Strip the pictures, then copy the remaining data exactly as it stands.

******************************

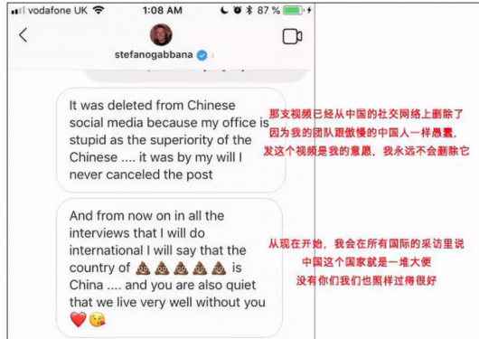 之后,有網友就涉嫌歧視一事與被稱為D&G設計師的Stefano Gabban在社交媒體上表達不滿,結果該設計師又曝出上述稱“中國才是‘*’的國家”辱華言論。
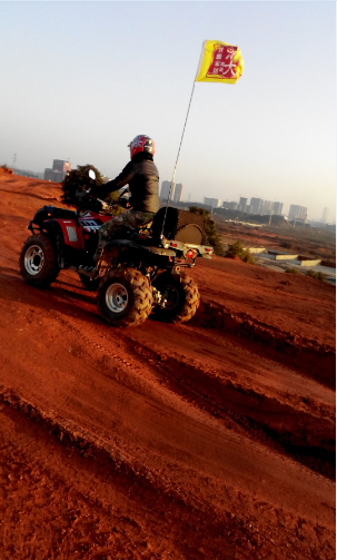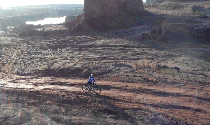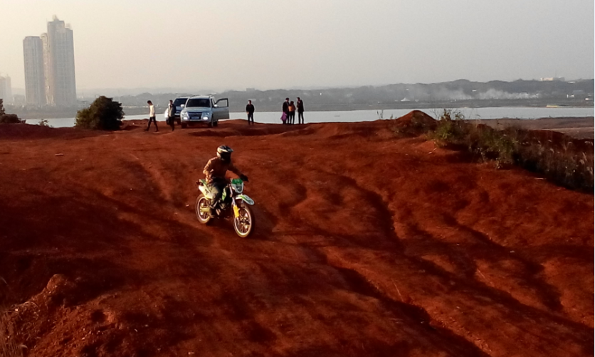 推着车,下了山丘,再上一个堵坡,我们正享受这赛道的新奇和冬日暖阳的时候,前方的山丘猛然间飞出来一台摩托车,高出地面一米以上,姐姐吓得惊叫,叫我赶紧搬车,给他们让道。我也惊叫,没想到电视里面经常看到的赛车镜头,现实生活中能有幸遇见,一个字“酷”。姐姐倒是更多地担心司机的安危。我们赶紧搬车上左边的小土堆,姐姐还紧张得滑了一下(这个我事后看到土堆边土有松动的痕迹,姐姐说了才知道的)。我预计得有几辆,赶紧拿出手机镜头对准,好想拍到摩托车冲上空中的感觉啊。但因为手机内存不够,好慢的。我没能拍到,遗憾。
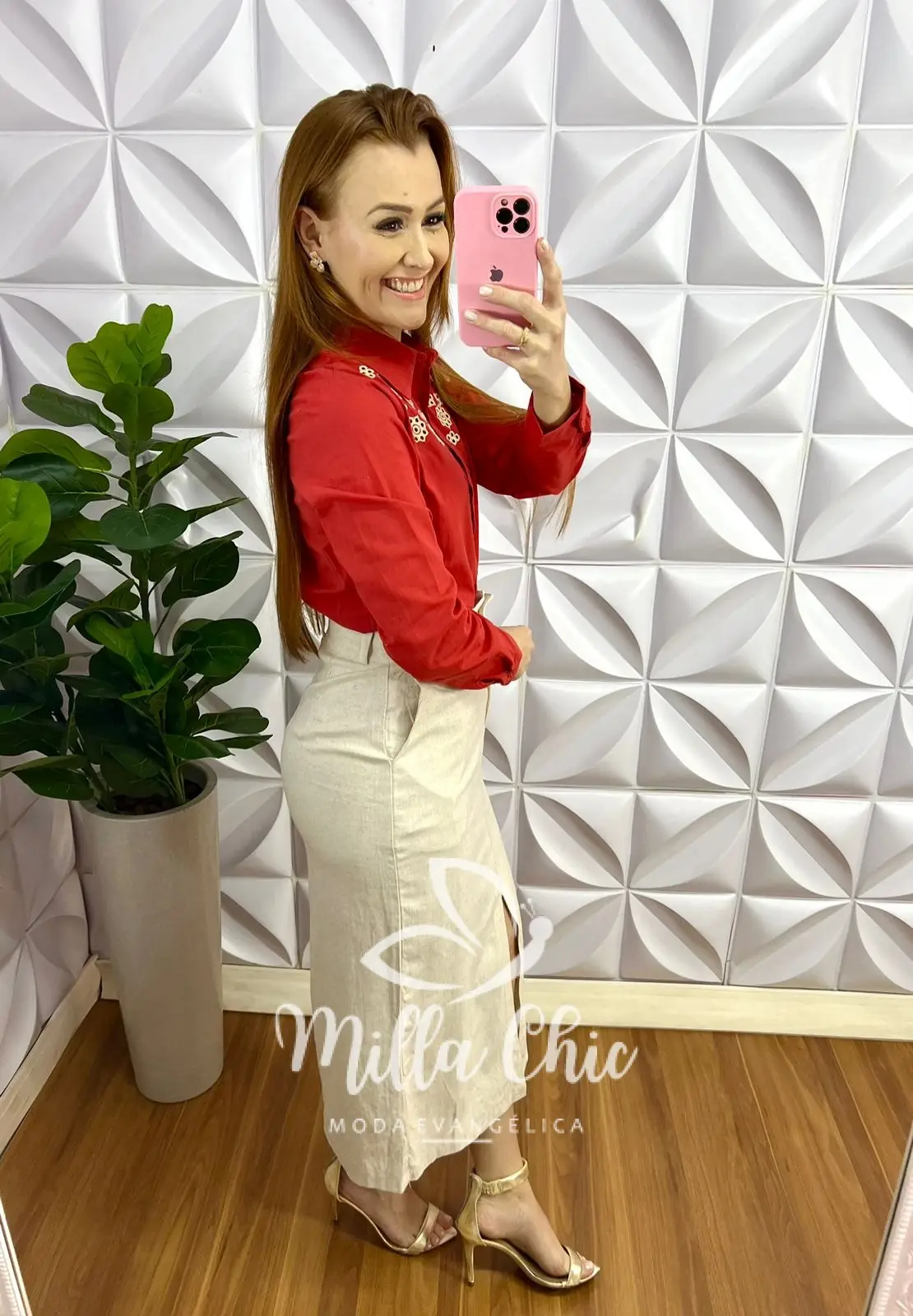 Camisa Linho Bordado Richilieu Manga Longa Brenda - Terra Cota - Milla Chic
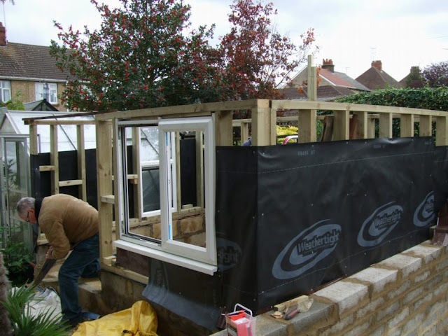 The filter house will be clad in wood, with a reclaimed tile roof. Once it is complete I will show more details of what we have done, but here's a sample complete with my Dad, who is getting the first roof timbers ready.
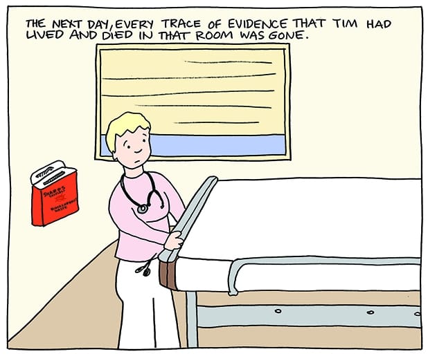 At a panel discussion about graphic medicine held at the NLM earlier this month — live-streamed and archived on the library’s website — Dr. Michael Green, a physician, bioethicist, and professor at Penn State University, said Forney’s DSM chart has proven helpful in teaching his students. (Green created the lesson plans for the library’s Graphic Medicine website.) MK Czerwiec, a nurse who began making comics while working in an AIDS unit in the 1990s, compared graphic medicine to airline safety cards, transcending the barriers of language. The separate speech and thought bubbles are particularly useful, she noted, in describing the delicate situations in which healthcare workers often find themselves. Toward the end of the conversation, Green said researchers are also trying to figure out whether these kinds of books can have an impact on health literacy, and perhaps even health outcomes.
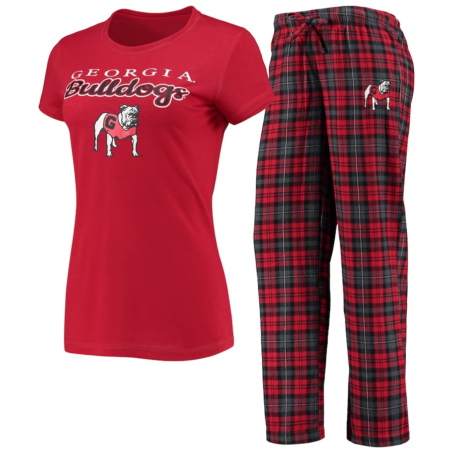 Georgia Bulldogs Concepts Sport Women's Lodge T-Shirt & Flannel Pants Sleep Set - Red/Black
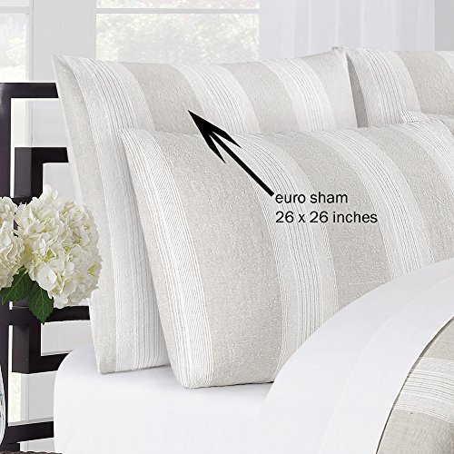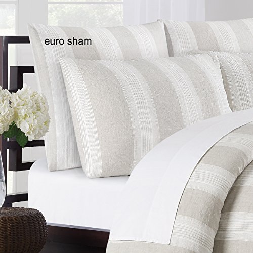 Echelon Home Lst Eur Nat Vintage Stripe Washed Belgian Linen Shams [Pair] , Euro, Natural
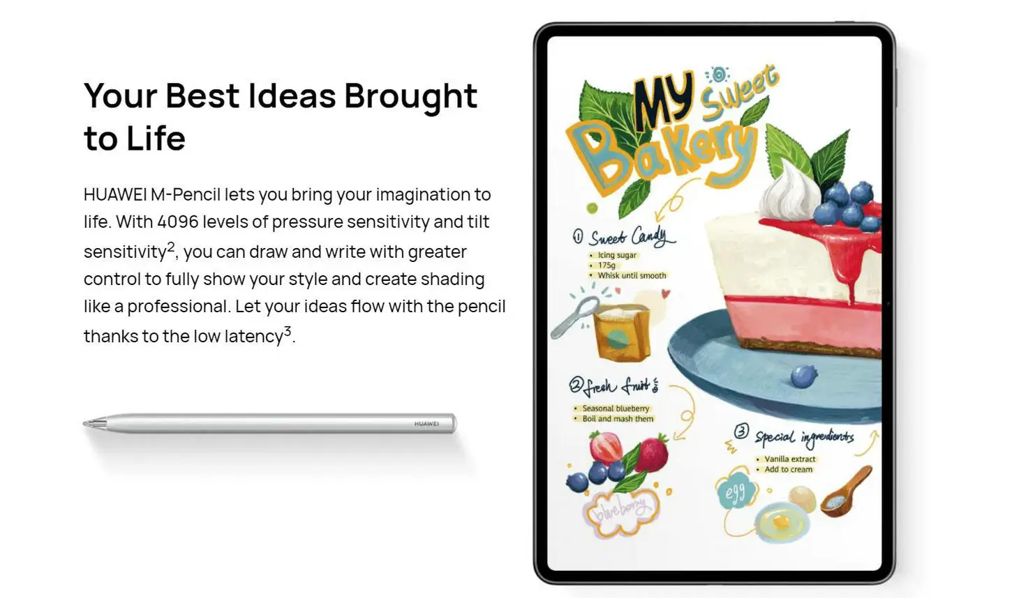 HUAWEI M-Pencil позволяет воплотить ваше воображение в жизнь. С 4096 уровнями чувствительности и наклона давления
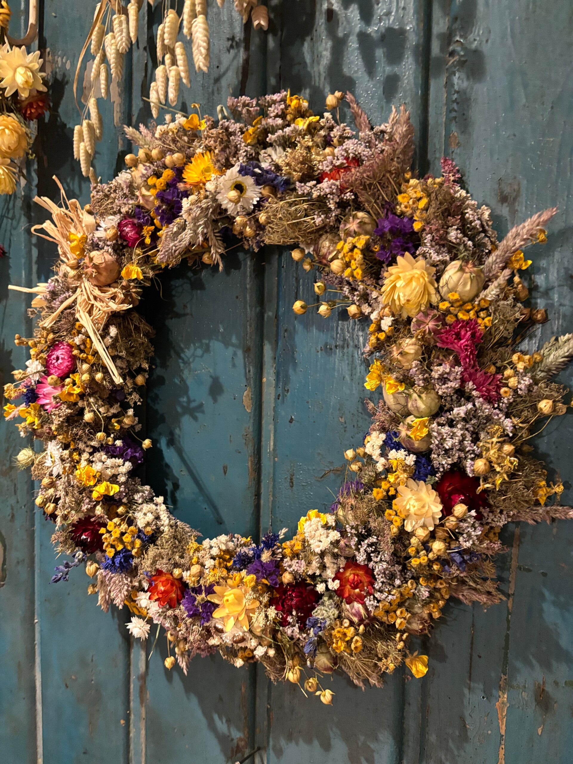 Iedere krans is hand gebonden met onze eigen gekweekte droogbloemen en uniek.
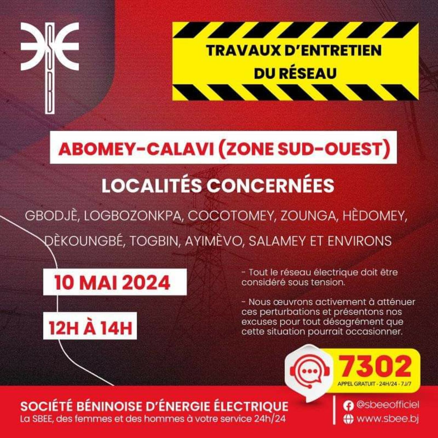 Ces travaux qui pourraient entraîner des perturbations dans la fourniture de l'énergie électrique et qui concernent les localités comme : GBODJÈ, LOGBOZOUNKPA, COCOTOMEY, ZOUNGA, HÈDOMEY, DÈKOUNGBÉ, TOGBIN, AYIMÈVO, SALAMEY et environs, auront lieu ce Vendredi 10 mai 2024 de 10h à 14h.
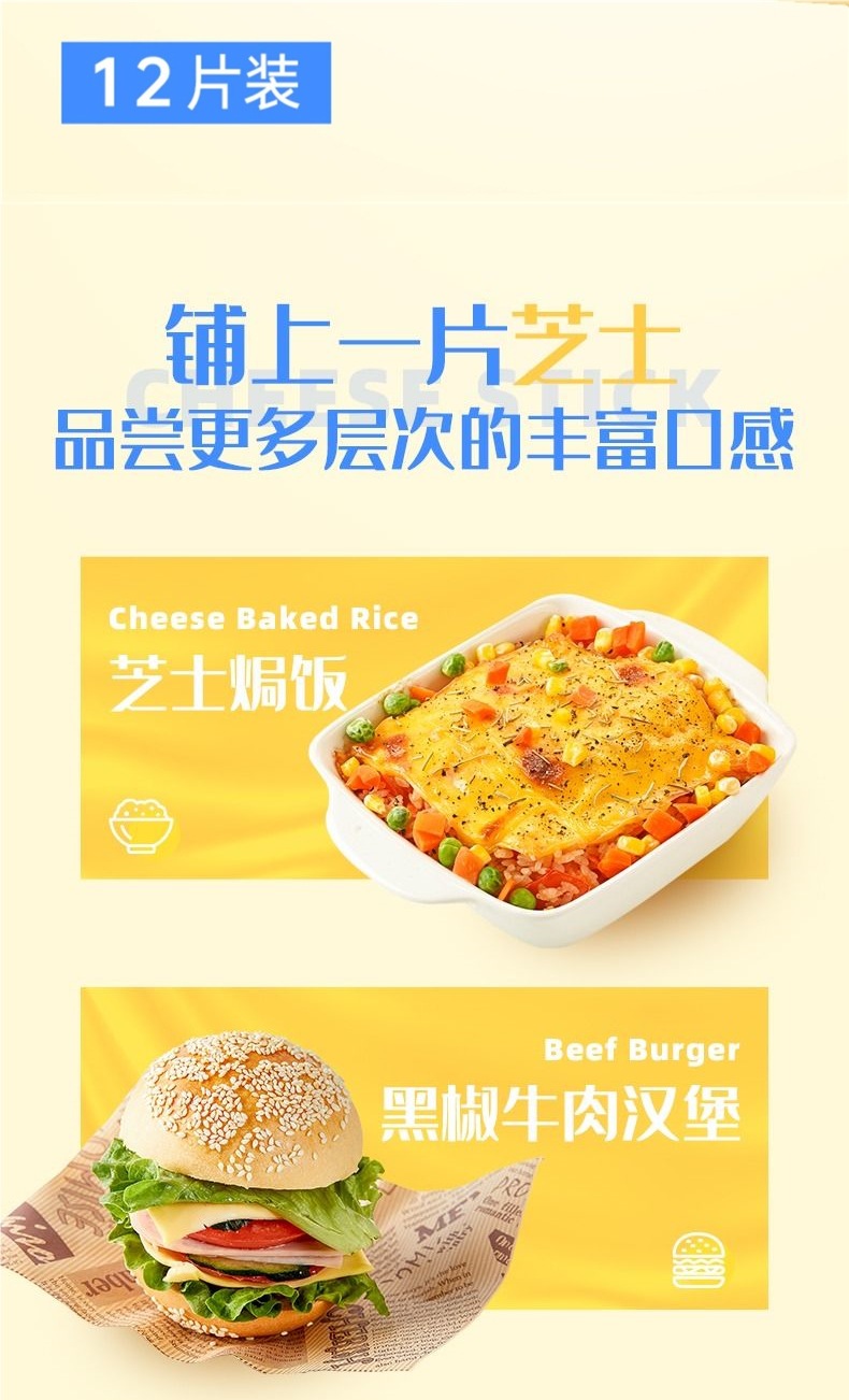 전시 치즈 조각 200g 구운 치즈 스틱 치즈 조각 홈 샌드위치 특별 식품 햄버거 12 조각스토어 가기
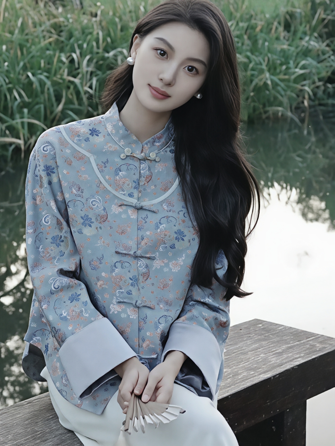这才是国风美天花板!小姐姐穿宋锦衣一整个温婉住 谁懂啊!穿浅蓝宋锦新中式上衣的小姐姐,往湖边一坐就像从江南水墨画里走出来的! 眉眼清润又舒展,盘扣衬得脖颈纤长,连耳坠的珍珠都跟着温柔起来——这哪是穿衣服,是把“温婉大气”四个字穿在了身上! 国风美从来不是刻意扮古,是骨子里的舒展从容!你被这种气质戳中了吗? 国风美人 氛围感美女温婉大方的美女 高清美女
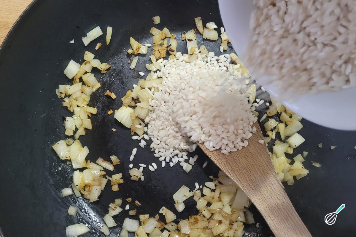 Quando dourar, adicione o alho e deixe bem rapidinho apenas até perfumar e adicione o arroz para risoto.
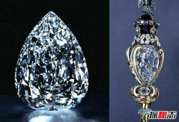 九大钻石中最大的一颗水滴形,共74个刻面,重530.2克拉,命名为“非洲之星Ⅰ号”。被镶嵌在象征至高无上皇权的权杖上。
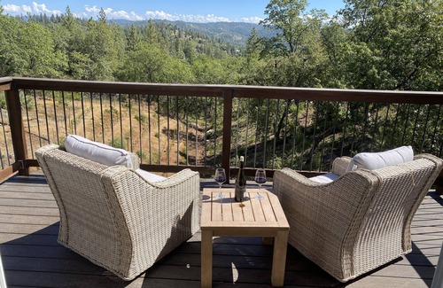 Enjoy views of the Sierras from multiple rooms and balconies, challenge friends to a game of Bocce Ball, sway on tree swings, or unwind on the party deck with plush couches and a warming fire table. Ideal for couples getaways, girls' trips, family reunions, or simply a memorable family vacation.
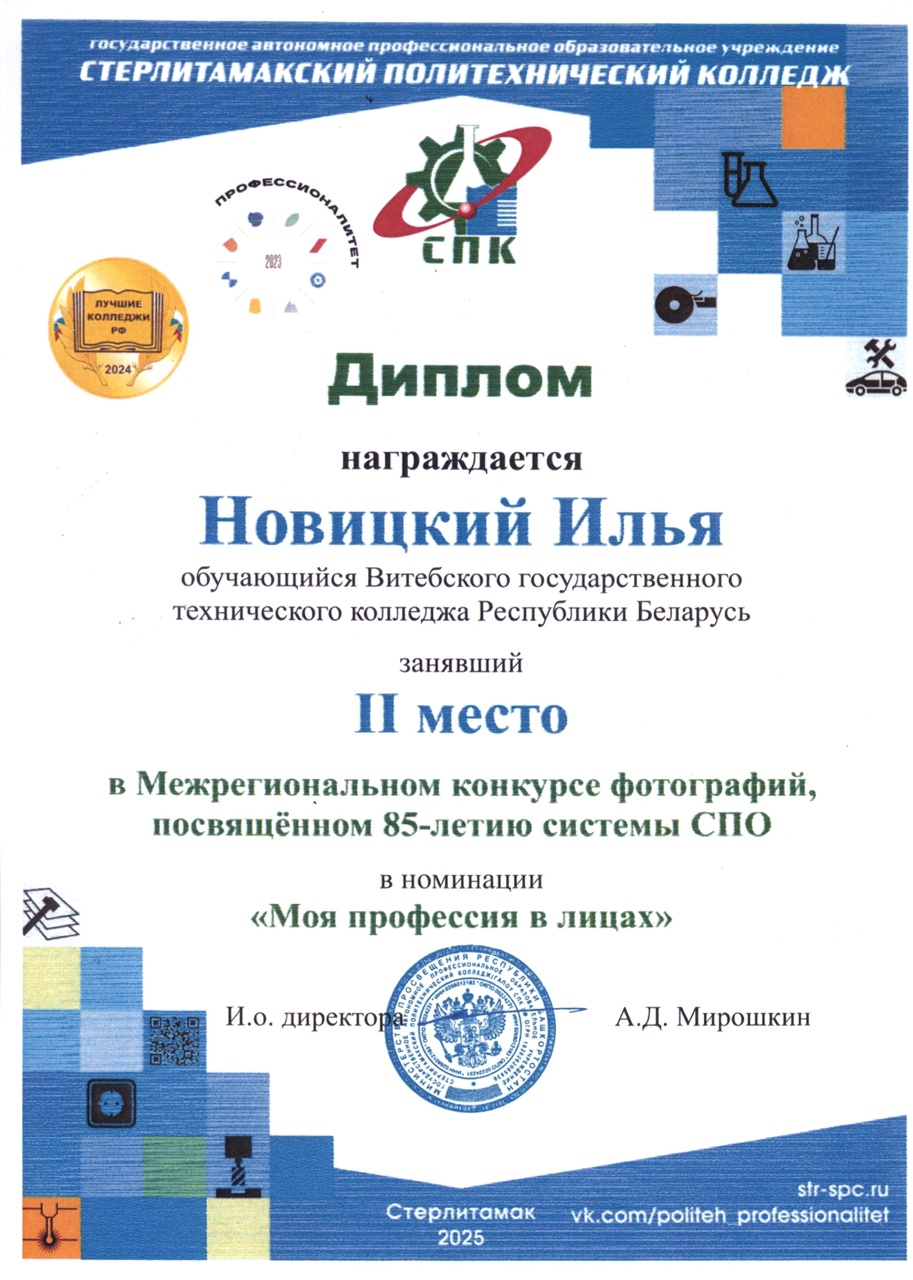 По результатам участия в Межрегиональном конкурсе фотографий, посвященном 85-летию системы ПТО дипломом 1 степени награждён учащийся Петров Илья, дипломом 2 степени награжден Новицкий Илья.

******************************

SOLUTION TO THIS PROBLEM =
 之后,有網友就涉嫌歧視一事與被稱為D&G設計師的Stefano Gabban在社交媒體上表達不滿,結果該設計師又曝出上述稱“中國才是‘*’的國家”辱華言論。
 推着车,下了山丘,再上一个堵坡,我们正享受这赛道的新奇和冬日暖阳的时候,前方的山丘猛然间飞出来一台摩托车,高出地面一米以上,姐姐吓得惊叫,叫我赶紧搬车,给他们让道。我也惊叫,没想到电视里面经常看到的赛车镜头,现实生活中能有幸遇见,一个字“酷”。姐姐倒是更多地担心司机的安危。我们赶紧搬车上左边的小土堆,姐姐还紧张得滑了一下(这个我事后看到土堆边土有松动的痕迹,姐姐说了才知道的)。我预计得有几辆,赶紧拿出手机镜头对准,好想拍到摩托车冲上空中的感觉啊。但因为手机内存不够,好慢的。我没能拍到,遗憾。
 Camisa Linho Bordado Richilieu Manga Longa Brenda - Terra Cota - Milla Chic
 The filter house will be clad in wood, with a reclaimed tile roof. Once it is complete I will show more details of what we have done, but here's a sample complete with my Dad, who is getting the first roof timbers ready.
 At a panel discussion about graphic medicine held at the NLM earlier this month — live-streamed and archived on the library’s website — Dr. Michael Green, a physician, bioethicist, and professor at Penn State University, said Forney’s DSM chart has proven helpful in teaching his students. (Green created the lesson plans for the library’s Graphic Medicine website.) MK Czerwiec, a nurse who began making comics while working in an AIDS unit in the 1990s, compared graphic medicine to airline safety cards, transcending the barriers of language. The separate speech and thought bubbles are particularly useful, she noted, in describing the delicate situations in which healthcare workers often find themselves. Toward the end of the conversation, Green said researchers are also trying to figure out whether these kinds of books can have an impact on health literacy, and perhaps even health outcomes.
 Georgia Bulldogs Concepts Sport Women's Lodge T-Shirt & Flannel Pants Sleep Set - Red/Black
 Echelon Home Lst Eur Nat Vintage Stripe Washed Belgian Linen Shams [Pair] , Euro, Natural
 HUAWEI M-Pencil позволяет воплотить ваше воображение в жизнь. С 4096 уровнями чувствительности и наклона давления
 Iedere krans is hand gebonden met onze eigen gekweekte droogbloemen en uniek.
 Ces travaux qui pourraient entraîner des perturbations dans la fourniture de l'énergie électrique et qui concernent les localités comme : GBODJÈ, LOGBOZOUNKPA, COCOTOMEY, ZOUNGA, HÈDOMEY, DÈKOUNGBÉ, TOGBIN, AYIMÈVO, SALAMEY et environs, auront lieu ce Vendredi 10 mai 2024 de 10h à 14h.
 전시 치즈 조각 200g 구운 치즈 스틱 치즈 조각 홈 샌드위치 특별 식품 햄버거 12 조각스토어 가기
这才是国风美天花板!小姐姐穿宋锦衣一整个温婉住 谁懂啊!穿浅蓝宋锦新中式上衣的小姐姐,往湖边一坐就像从江南水墨画里走出来的! 眉眼清润又舒展,盘扣衬得脖颈纤长,连耳坠的珍珠都跟着温柔起来——这哪是穿衣服,是把“温婉大气”四个字穿在了身上! 国风美从来不是刻意扮古,是骨子里的舒展从容!你被这种气质戳中了吗? 国风美人 氛围感美女温婉大方的美女 高清美女
 Quando dourar, adicione o alho e deixe bem rapidinho apenas até perfumar e adicione o arroz para risoto.
 九大钻石中最大的一颗水滴形,共74个刻面,重530.2克拉,命名为“非洲之星Ⅰ号”。被镶嵌在象征至高无上皇权的权杖上。
 Enjoy views of the Sierras from multiple rooms and balconies, challenge friends to a game of Bocce Ball, sway on tree swings, or unwind on the party deck with plush couches and a warming fire table. Ideal for couples getaways, girls' trips, family reunions, or simply a memorable family vacation.
 По результатам участия в Межрегиональном конкурсе фотографий, посвященном 85-летию системы ПТО дипломом 1 степени награждён учащийся Петров Илья, дипломом 2 степени награжден Новицкий Илья.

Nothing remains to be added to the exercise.